Фрау Кеслер тихонько пожимает локоть Штейнбаха. Ее блестящие глаза говорят: «Гляди!.. Ты понимаешь, что это значит?..» Да. Видны только плечи, затылок, ее руки, прижатые к вискам. Но жизнью веет от всех этих линий. Торжествующей жизнью. Радостью. Порывом.

Как прежде! Как прежде.

Через шумную, жестикулирующую южную толпу, мимо катящихся с грохотом багажных тележек они выходят на перрон.

Тишина.

Она надвигается с Большого канала, точно вгоняя обратно, в вокзал, звуки суетной жизни За минуту перед тем озабоченные пассажиры, которых дергают за рукава кричащие наперебой тощие гондольеры в грязных куртках, невольно понижают голоса. И вдруг совсем смолкают, пораженные единственной в мире картиной. Направо и налево теряется за поворотами широкая водная улица. И стены безжизненных домов опускаются прямо в канал. Мелкая черная зыбь лижет ступени вокзала. А колеблющиеся гондолы, как мистические черные птицы, грациозно кивают зубчатыми носами.

Вдруг с северо-запада налетает взрыв ветра. Гондолы, как призраки, закачались на волнах.
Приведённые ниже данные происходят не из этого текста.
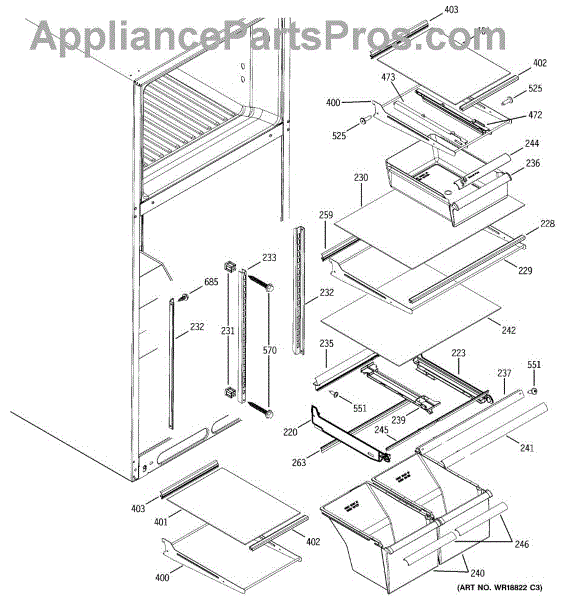 Parts for Ge GTS18IBRERWW: 05 - Fresh Food Shelves Parts

Старик в ливрее, с темным бритым лицом и седыми кудрями, почтительно склонившись перед Штейнбахом, докладывает ему что-то быстро и вкрадчиво. Странный говор! Всюду мягкое, льстивое «ц» и «з» вместо шипящего, страстного, стремительного «ч»… Вдруг с быстротою юноши лакей бежит к краю перрона и сигналит кому-то в темноту.

Подплывает гондола с двумя гребцами. На кабинке черного бархата вышиты золотом гербы Штейнбах оглядывается на Маню.

– Дай руку! Садитесь…

– Мы поедем по воде? И земли не будет? Не будет?

Знакомый горячий шепот! Очарованием веет от него. Он чувствует трепет ее пальцев. Как прежде… Как прежде…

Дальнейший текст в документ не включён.